A l’heure où paraîtront ces lignes, on saura si Dalakhani, le grisou champion de l’Aga Khan, a connu la consécration méritée face à ses challengers High Chapparal, Doyen et Ange Gabriel dans le Prix de l’Arc de Triomphe, ce dimanche 5 octobre à Longchamp. A peine remis de leurs émotions, les aficionados de la chose hippique, une fois n’est pas coutume, iront dans les salles obscures avec le secret espoir de prolonger les effets de l’adrénaline, histoire de passer sans vergogne d’Equidia et Paris-Turf à Hollywood.
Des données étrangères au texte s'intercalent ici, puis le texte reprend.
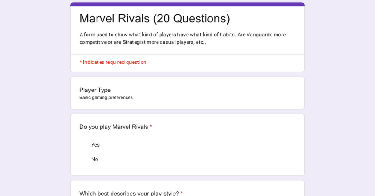 20 Question Questionnaire (Marvel Rivals and COD like) [COD]

En écartant volontairement Le Gentleman d’Epsom avec Jean Gabin et Un Jour aux courses des Marx Brothers, on peut dire du film de Gary Ross qu’il est le premier consacré aux courses de chevaux, où action et narration se décident au coeur d’un peloton lancé à 60 km/h sur le dirt. Gros et lisse gâteau lacrymal, Pur sang raconte l’histoire du mythique Seabiscuit, légendaire cheval des années 30, héros de la grande dépression américaine, tardive vedette des courses qui imposa sa loi sur la Côte Ouest jusqu’à affronter et vaincre le crack de la Côte Est, War Admiral, beau comme une statue et lauréat de la Triple Crown, au cours d’un duel mythique qui passionna les foules -époque bénie des courses où Roosevelt était pendu à sa radio pour écouter la retransmission du Santa Anita Handicap. Seabiscuit, donc, fabuleux animal, petit-fils du légendaire Man O’War aux genoux cagneux, court sur pattes, les flancs saillants et la robe terne, hargneux comme un poney vicieux, traînant sa misère sur des champs de patates avec d’autres tocards de courses à réclamer jusqu’à ce qu’une rencontre avec un self made man, un entraîneur mutique et un jockey borgne le métamorphose en machine à gagner.
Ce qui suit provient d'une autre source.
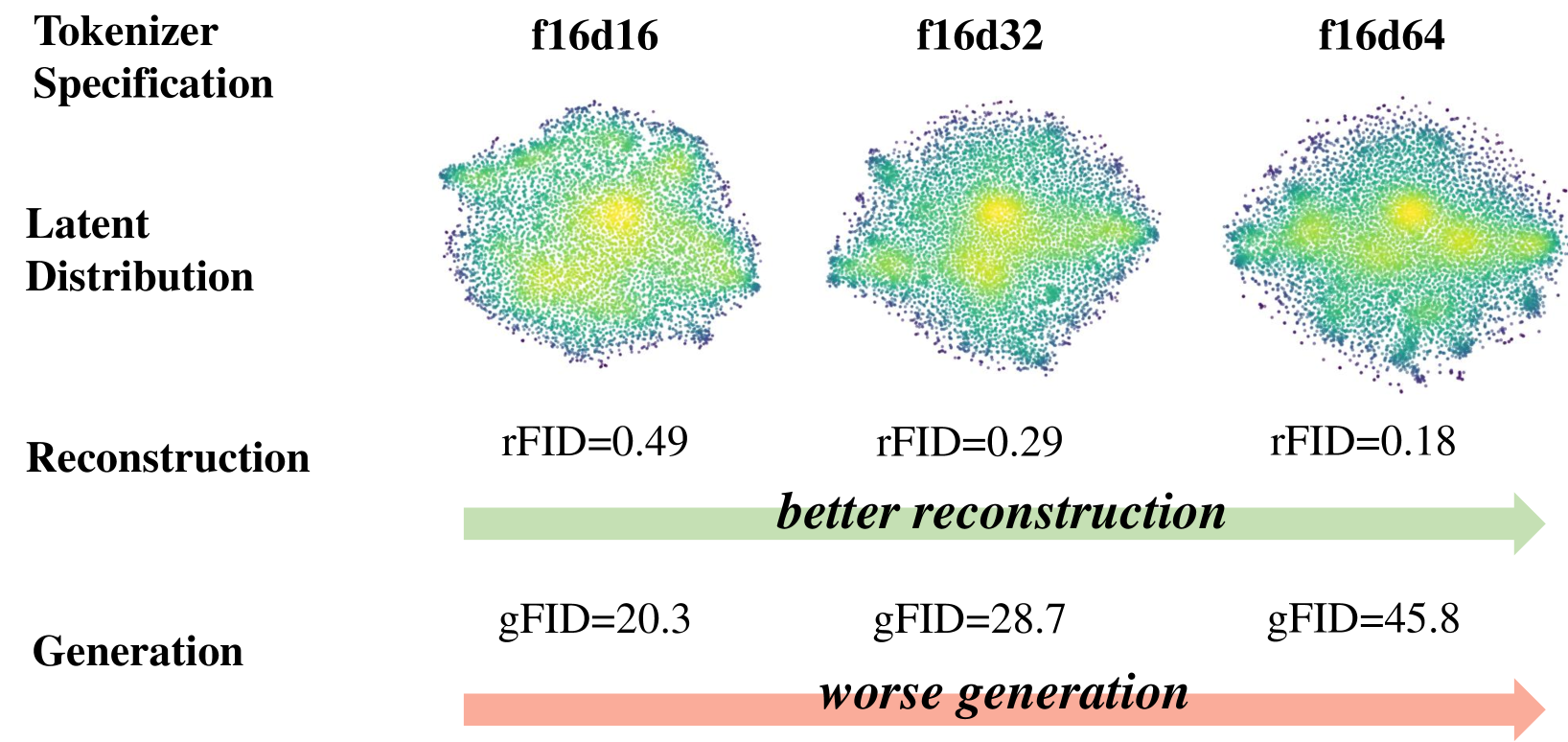 - As the VAE's latent space acquires a higher dimension, the original image reconstruction quality improves, but the performance of the generative model (DiT) that has to learn on this complex latent space actually degrades.

Revanche des petits, des peu glorieux, hymne sans nuance et légèrement nauséabond au rêve américain (dans le contexte de la grande dépression, il fallait oser), et mise en scène lénifiante avec comédiens accablés par le poids du mélo et lumière filtrée oscarisable : le film n’a rien pour plaire, mélange de biographies curieusement romancées (les véritables histoires de l’entraîneur Tom Smith et du jockey Red Pollard sont bien plus rocambolesques que leurs équivalents fictionnels) et de considérations niaises sur le destin. Restent les courses elles-mêmes, dont on aurait pu craindre qu’elles fussent les scènes les plus négligées, les fabricateurs du film comptant sur l’indulgence involontaire des néophytes. Grâce soit rendue à Gary Ross, cinéaste et amateur de courses (il est co-propriétaire, avec Spielberg entre autres, de Atswhatimtalknbout, qui a terminé quatrième du Kentucky Derby cette année, monté par Gary Stevens qui incarne dans le film le jockey George Woolf), d’avoir mis les bouchées doubles pour filmer avec intensité et quelques bonnes idées les épiques empoignades entre Seabiscuit et ses rivaux. Ce n’est pas aussi limpide que les envolées de Sea Bird, pas aussi enivrant que les doubles accélérations de Peintre Célèbre ou les lignes droites Arazi, pas aussi bouleversant que l’ultime victoire d’Ourasi dans le Prix d’Amérique, c’est simplement l’occasion, au cœur d’un film aussi ronflant, de se laisser ravir quelques minutes par un cortège d’anges au poil brillant.